The other day I finally got to the point where I can say my two main systems (a sprite batcher and full GPU particle emitters) are working!

So I decided it would be a good idea to test them both... at the same time, which is where I ran into a minor glitch. Turns out if I do

 
batch.Begin(projectionMatrix);
batch.Draw(sprite1, 150.0f, 150.0f);
emitter.DrawParticles(projectionMatrix, 150.0f, 150.0f);
batch.End();

The emitter's particles will always get covered, regardless of the order. I soon found out it came down to the current batch of my sprite batcher not ending at the point of the emitter's draw call. Which makes sense, because they are separate systems and handle drawing separately.

Then I pondered a solution: If I had a render manager then I could do things like flag every Draw**** method for each subsystem. Then when a Draw**** calls are made I could flush and render whatever I need.

So this brings me down to my questions:

Is this something I should even consider / whats the best approach?

Should I have done this in the first place?

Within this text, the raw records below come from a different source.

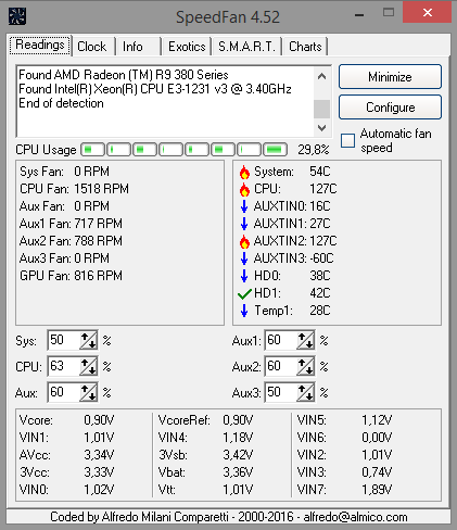 HWmonitor používám dlouhou dobu, kontroloval jsem teploty dost krát v různých situacích, nikdy tam procesor takových teplot nedosahoval. Když jsem u HWInfa viděl u procesoru 127 °C, tak jsem si myslel že to je nějaká chyba. U HWmonitoru dosahoval vždy CPU, co si tak vybavuji, okolo 50 °C. Viz starší screen, co jsem našel v telefonu.
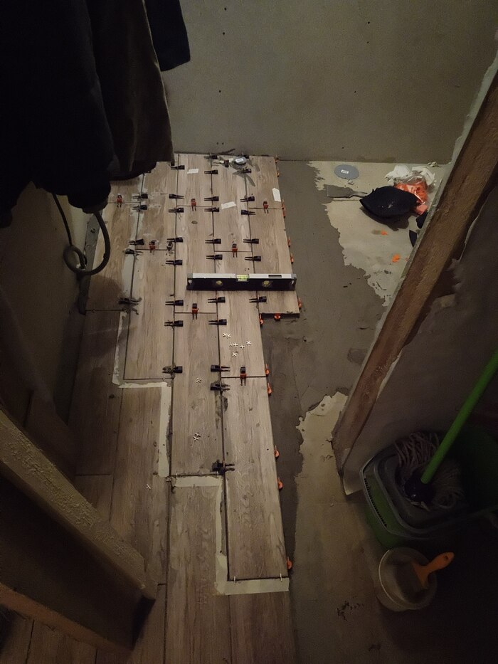 Когда всё это добро подсохло, я принялся и за плитку. Опять-таки приходилось укладывать кусками, иначе было не выбраться из помещения.
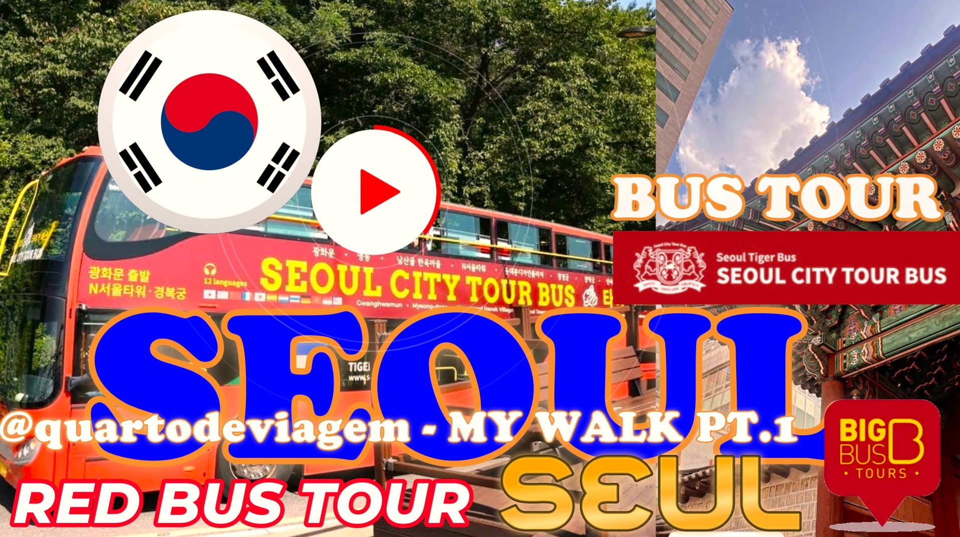 🇧🇷 (PT-BR) TOUR DO ÔNIBUS TURÍSTICO DE SEUL, CAPITAL DA COREIA DO SUL, RED SEOUL CITY TOUR BUS (SEOUL TIGER BUS). PREÇO DO TICKET PARA UM DIA DE TOUR 22.000WON ₩.
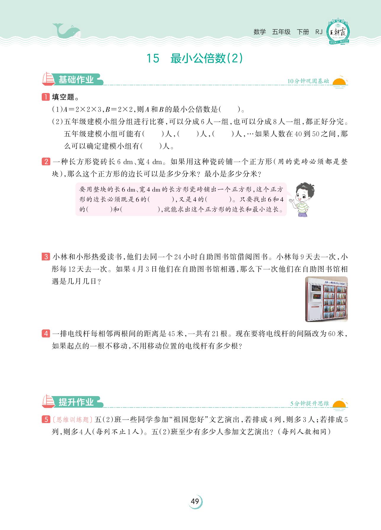 2023下册五年级数学人教版 第四单元 分数的意义和性质——15 最小公倍数(2)

Would it just be better to have the separate entities and "flush/draw" when I know I need?

Does the Singleton pattern apply here / will I fall into it's "trap" (I kind of don't really understand the Singleton pattern trap)?

Is this something I should even consider / whats the best approach?

having a renderer interface responsible for properly sequencing all draw requests is a pretty common pattern.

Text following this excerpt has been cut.